### [WHAT THE TASK REQUIRES]
Your task is to repeat the entries underneath exactly, minus the pictures.

Recorded data:
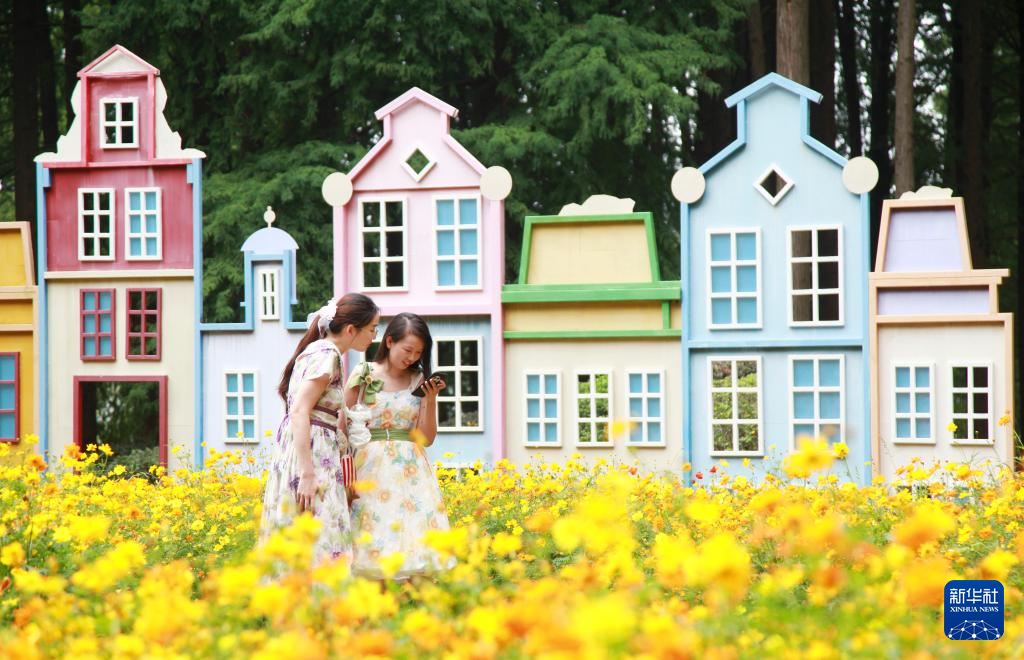 10月5日,人们在南京中山植物园盛开的黄秋英花丛中赏花游玩。新华社发(刘建华摄)
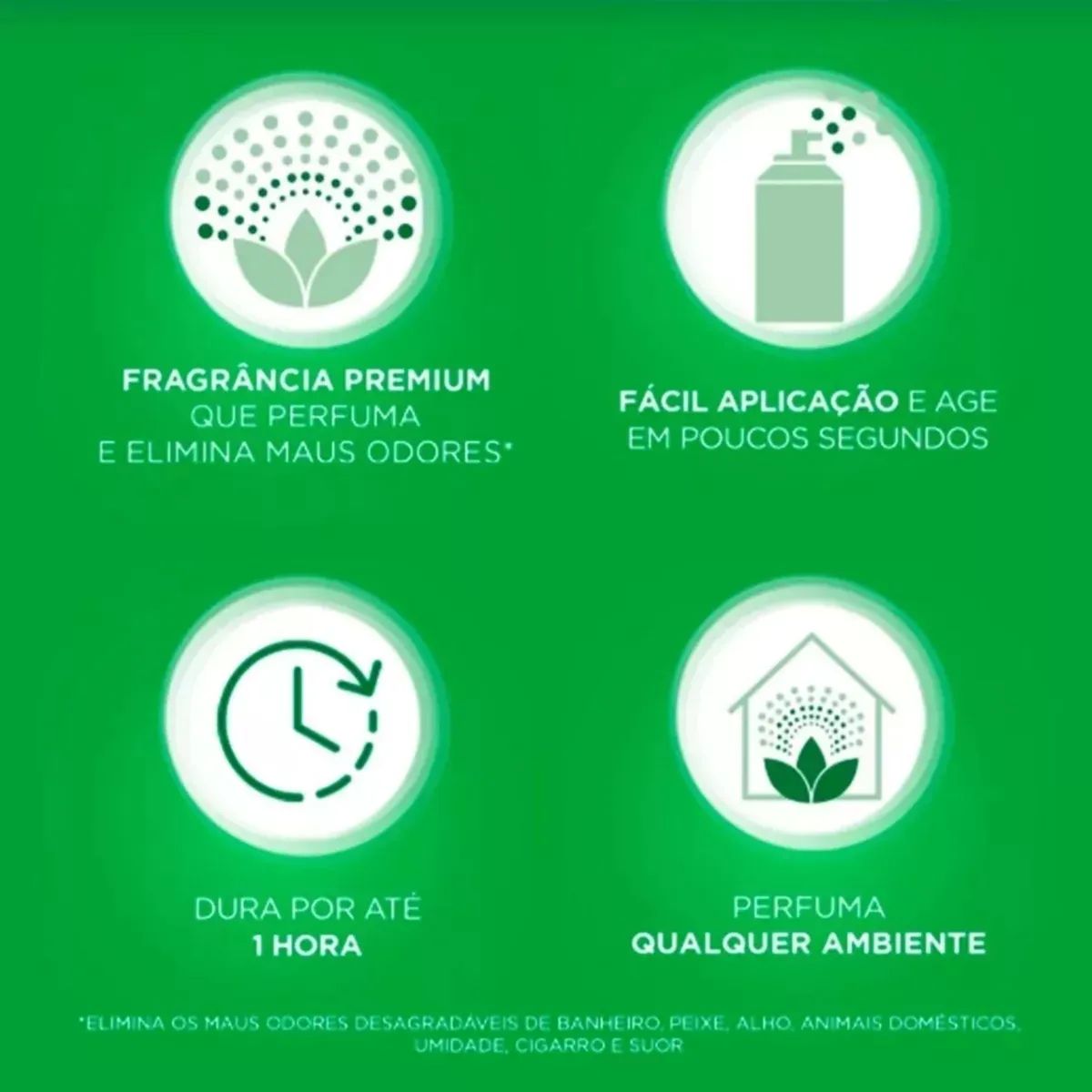 Neutraliza odores rapidamente: A tecnologia de neutralização age diretamente nos maus odores, tornando o ambiente mais agradável e convidativo.
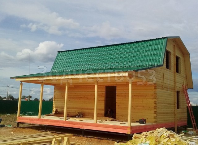 Дом общими размерами 9.0*8.0 (6.0*8.0 из профилированного бруса 140*140 камерной сушки под ломанной крышей и открытая терраса 3.0*8.0 под односкатной отдельной крышей.Объект построен: Московская обл, Щелковский р-он, с/п Трубинское, тер. Назимиха -Парк, ул. 3-я Парковая З У -19.
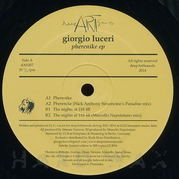 12"— out of stockDeepartsounds 007Label CatalogGiorgio Luceri: Pherenike EPAtmospheric House jackers A1 Pherenike A2 Pherenike (Nick Anthony Simoncino's Paradise Mix) B1 The Nights At 118 4B B2 The Nights At 118 4B (Marcello Napoletano Mix)
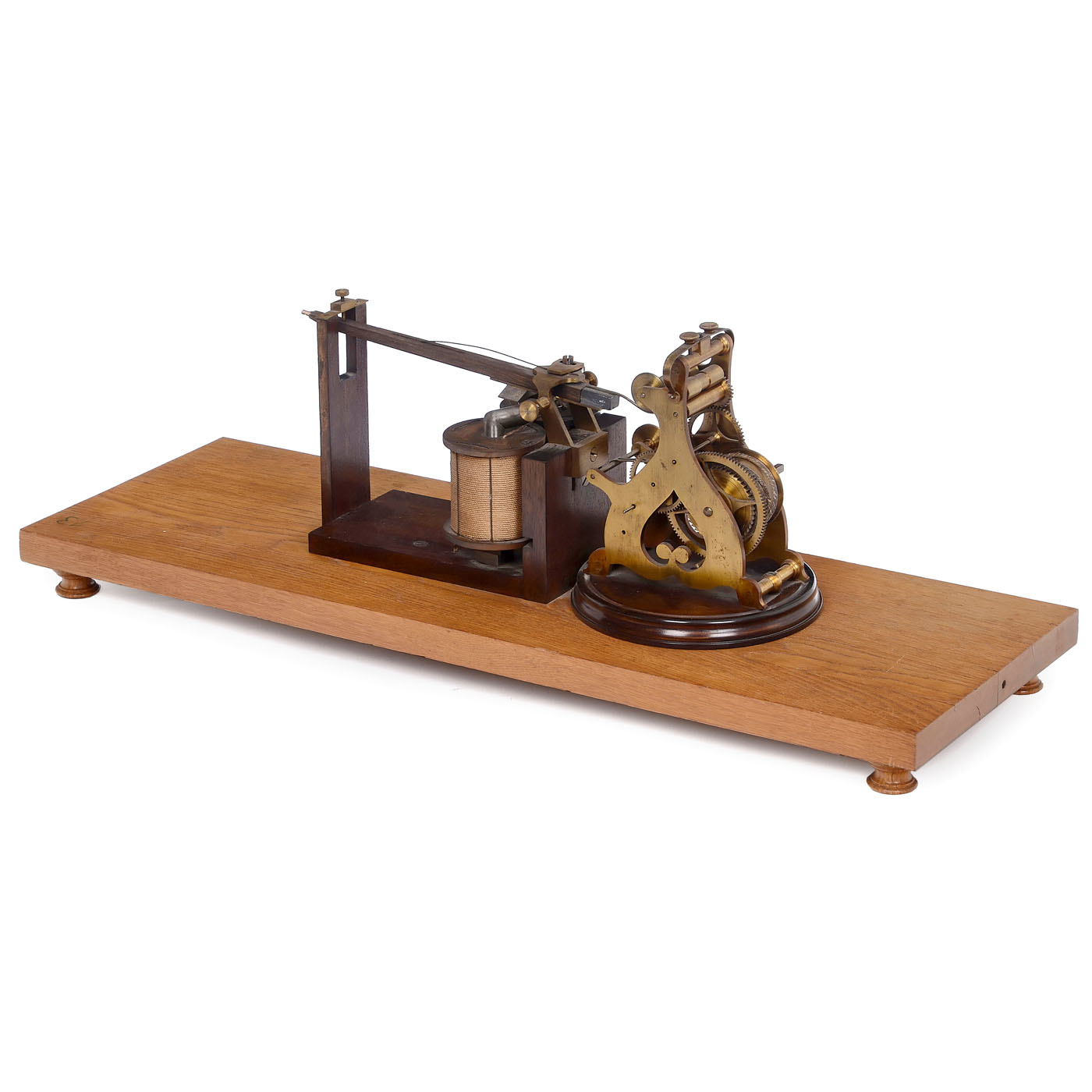 Made in the 1930s by the Radio Museum in Berlin. Typical American needle telegraph register, weight-driven, 2 large magnetic coils, on oak base, 29 x 10 in., with replica of the Morse key by Alfred Vail, made by Fons Vanden Berghen.
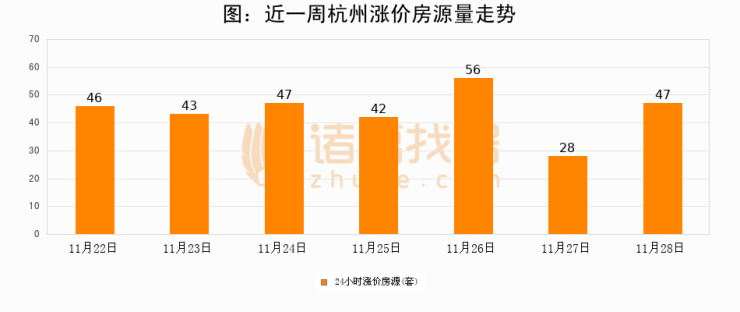 根据诸葛找房数据显示,杭州24小时涨价房源量为47套,较11月27日增加19套,环比上涨67.9%。与此同时,涨价房源占比小幅扩大,业主信心有所提升。
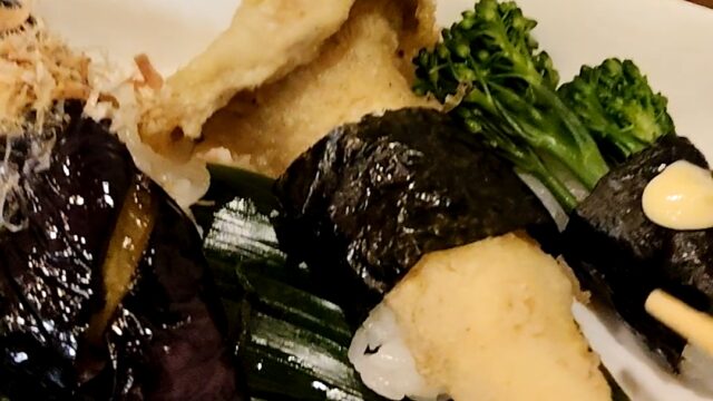 なすのお寿司は、くたくたに火が通っていて、口の中でとろける感じ。なすのお寿司が二貫入っていたのは嬉しかった💕エリンギも油であげててこってりしていておいしかったです。今まで「野菜のお寿司なんて…」と思っていた自分の価値観が、ここで一気にひっくり返りました。
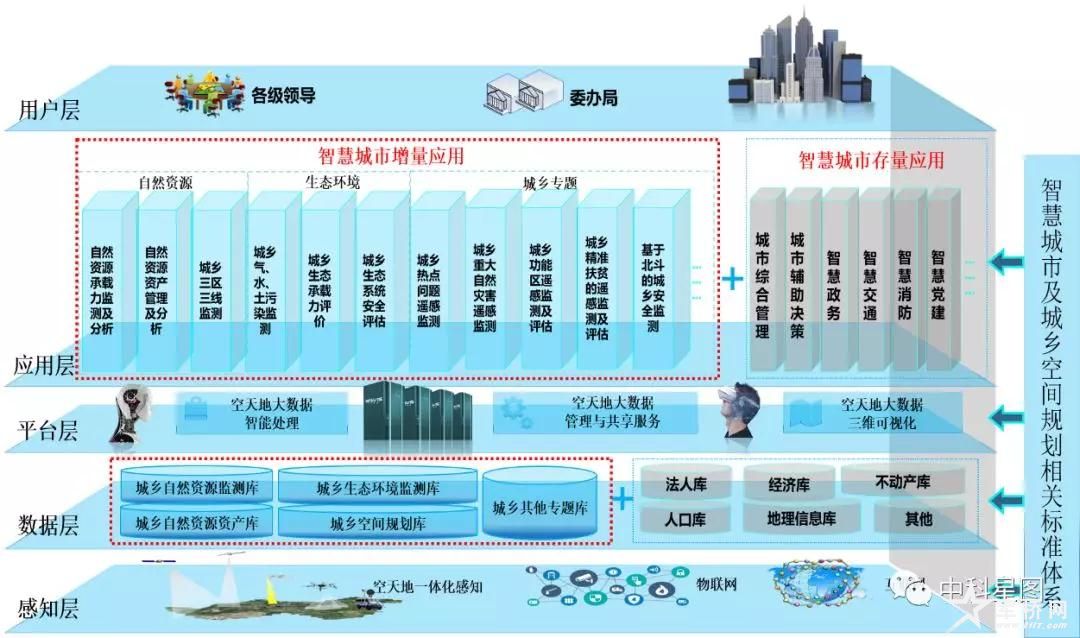 空天地一体化感知新型智慧城市平台如何建设应用层面:空天地一体化感知新型智慧城市平台遵循“增量+存量”的原则,既要建设新型智慧城市应用(自然资源、生态环境、城乡专题等),也要兼容已有成果(存量应用包括智慧政务、智慧交通、智慧消防等)。架构层面:空天地一体化感知新型智慧城市平台采用“平台+数据+应用”模式。GEOVIS产品系列是新型智慧平台建设的基础和核心,在此基础上引接中科院空天信息研究院(下称“空天院”)“中国遥感卫星地面站”实时数据,集成空天院下属中国科学院遥感与数字地球研究所先进算法模型(包括特定目标快速发现、土地利用自动检测等)。正所谓“求之于势,不责于人”,空天院之算法模型和地面接收站网正是新型智慧城市平台之势所在。技术层面:GEOVIS产品系列是新型智慧平台建设的基础和核心,GEOVIS基础平台的三维可视化+云计算+深度学习技术体系,其超强的兼容能力和集成能力为新型智慧城市平台提供了基础和保障。
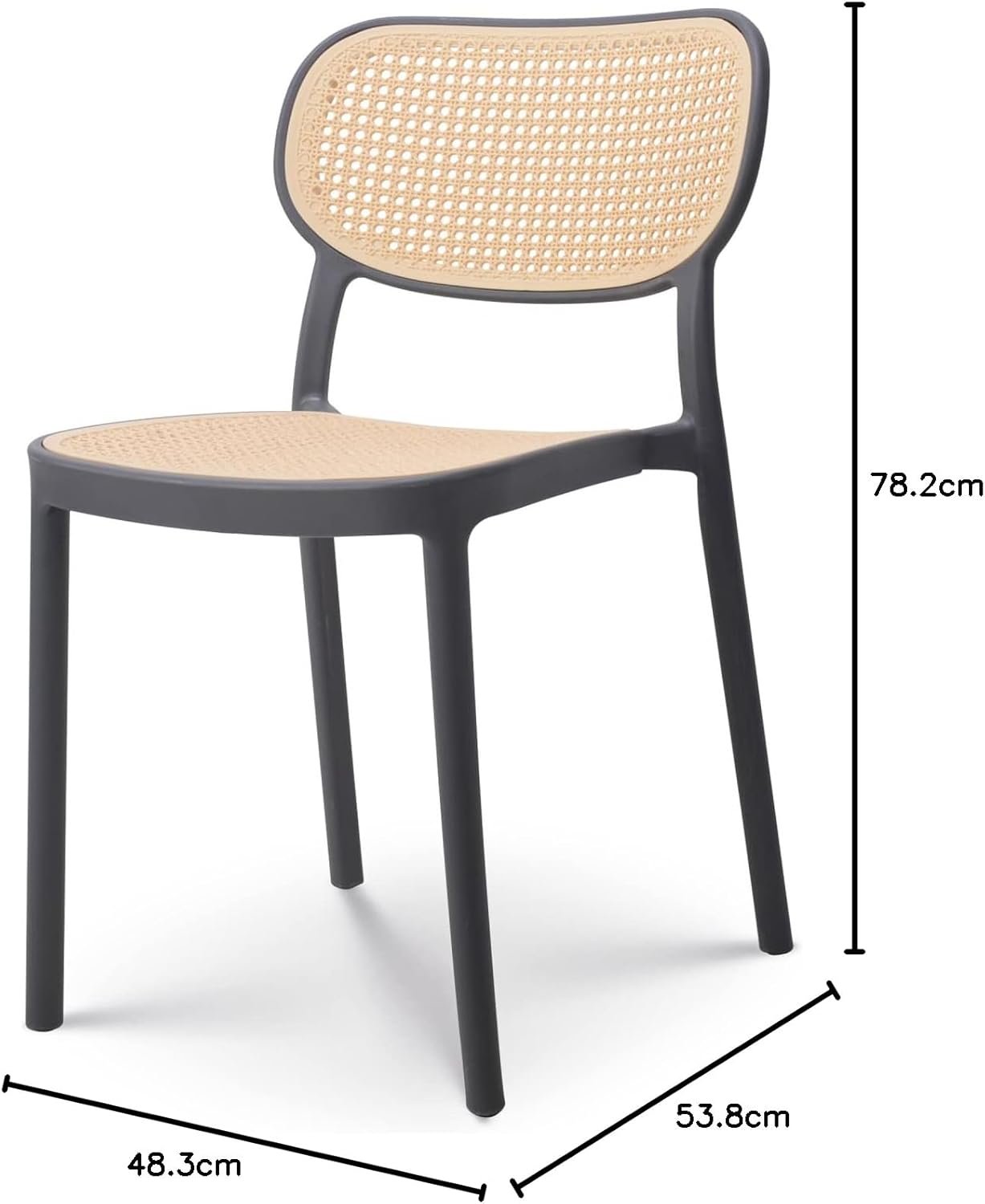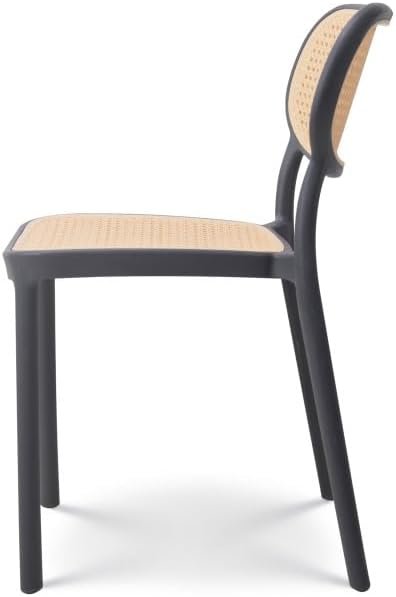 • Effetto Visivo: La seduta e lo schienale presentano un affascinante effetto paglia di Vienna. Questo design aggiunge un tocco retrò e vintage, pur mantenendo i vantaggi del materiale plastico.
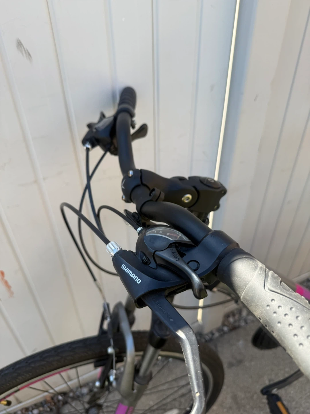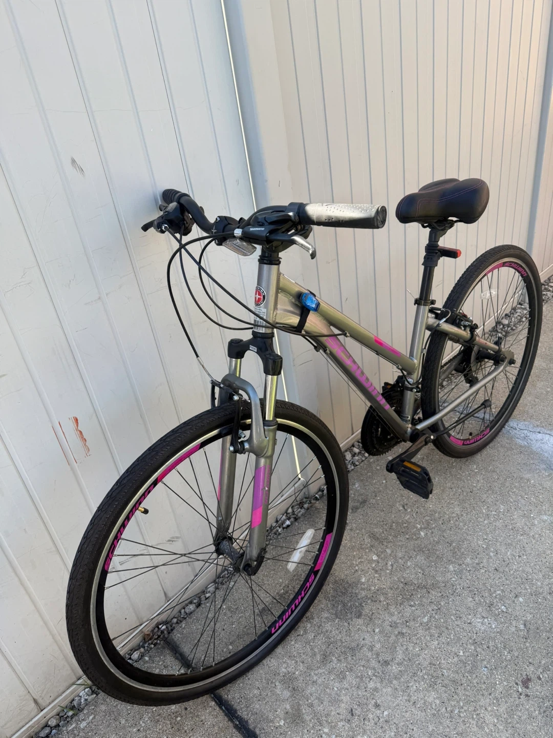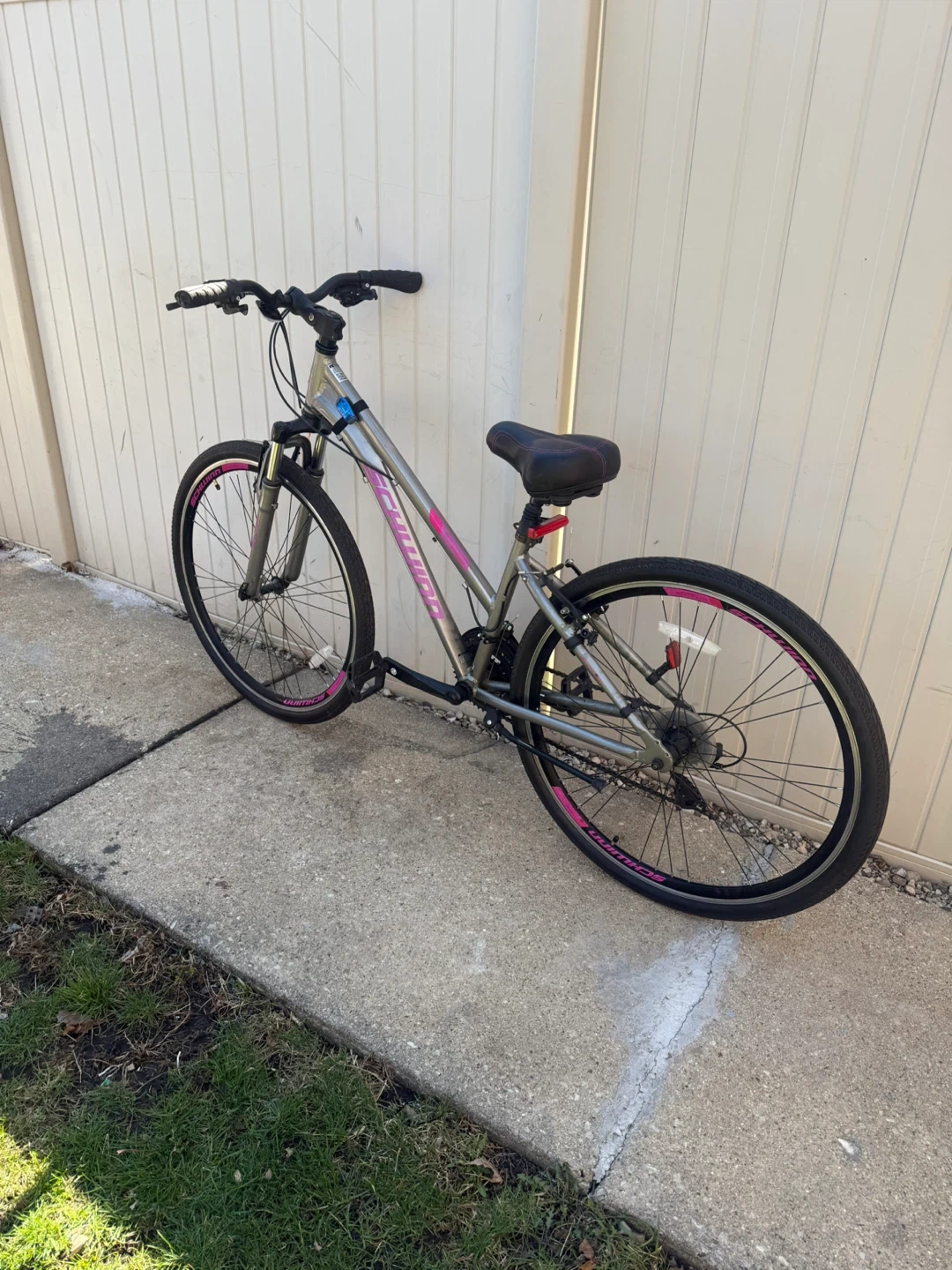 Like new garage kept Silver Schwinn hybrid bike with pink accents. Features a medium frame and comfortable seat. It's ready for your next ride! It comes with flashing lights worth $50

### [WRITTEN REPLY]
 10月5日,人们在南京中山植物园盛开的黄秋英花丛中赏花游玩。新华社发(刘建华摄)
 Neutraliza odores rapidamente: A tecnologia de neutralização age diretamente nos maus odores, tornando o ambiente mais agradável e convidativo.
 Дом общими размерами 9.0*8.0 (6.0*8.0 из профилированного бруса 140*140 камерной сушки под ломанной крышей и открытая терраса 3.0*8.0 под односкатной отдельной крышей.Объект построен: Московская обл, Щелковский р-он, с/п Трубинское, тер. Назимиха -Парк, ул. 3-я Парковая З У -19.
 12"— out of stockDeepartsounds 007Label CatalogGiorgio Luceri: Pherenike EPAtmospheric House jackers A1 Pherenike A2 Pherenike (Nick Anthony Simoncino's Paradise Mix) B1 The Nights At 118 4B B2 The Nights At 118 4B (Marcello Napoletano Mix)
 Made in the 1930s by the Radio Museum in Berlin. Typical American needle telegraph register, weight-driven, 2 large magnetic coils, on oak base, 29 x 10 in., with replica of the Morse key by Alfred Vail, made by Fons Vanden Berghen.
 根据诸葛找房数据显示,杭州24小时涨价房源量为47套,较11月27日增加19套,环比上涨67.9%。与此同时,涨价房源占比小幅扩大,业主信心有所提升。
 なすのお寿司は、くたくたに火が通っていて、口の中でとろける感じ。なすのお寿司が二貫入っていたのは嬉しかった💕エリンギも油であげててこってりしていておいしかったです。今まで「野菜のお寿司なんて…」と思っていた自分の価値観が、ここで一気にひっくり返りました。
 空天地一体化感知新型智慧城市平台如何建设应用层面:空天地一体化感知新型智慧城市平台遵循“增量+存量”的原则,既要建设新型智慧城市应用(自然资源、生态环境、城乡专题等),也要兼容已有成果(存量应用包括智慧政务、智慧交通、智慧消防等)。架构层面:空天地一体化感知新型智慧城市平台采用“平台+数据+应用”模式。GEOVIS产品系列是新型智慧平台建设的基础和核心,在此基础上引接中科院空天信息研究院(下称“空天院”)“中国遥感卫星地面站”实时数据,集成空天院下属中国科学院遥感与数字地球研究所先进算法模型(包括特定目标快速发现、土地利用自动检测等)。正所谓“求之于势,不责于人”,空天院之算法模型和地面接收站网正是新型智慧城市平台之势所在。技术层面:GEOVIS产品系列是新型智慧平台建设的基础和核心,GEOVIS基础平台的三维可视化+云计算+深度学习技术体系,其超强的兼容能力和集成能力为新型智慧城市平台提供了基础和保障。
 • Effetto Visivo: La seduta e lo schienale presentano un affascinante effetto paglia di Vienna. Questo design aggiunge un tocco retrò e vintage, pur mantenendo i vantaggi del materiale plastico.
 Like new garage kept Silver Schwinn hybrid bike with pink accents. Features a medium frame and comfortable seat. It's ready for your next ride! It comes with flashing lights worth $50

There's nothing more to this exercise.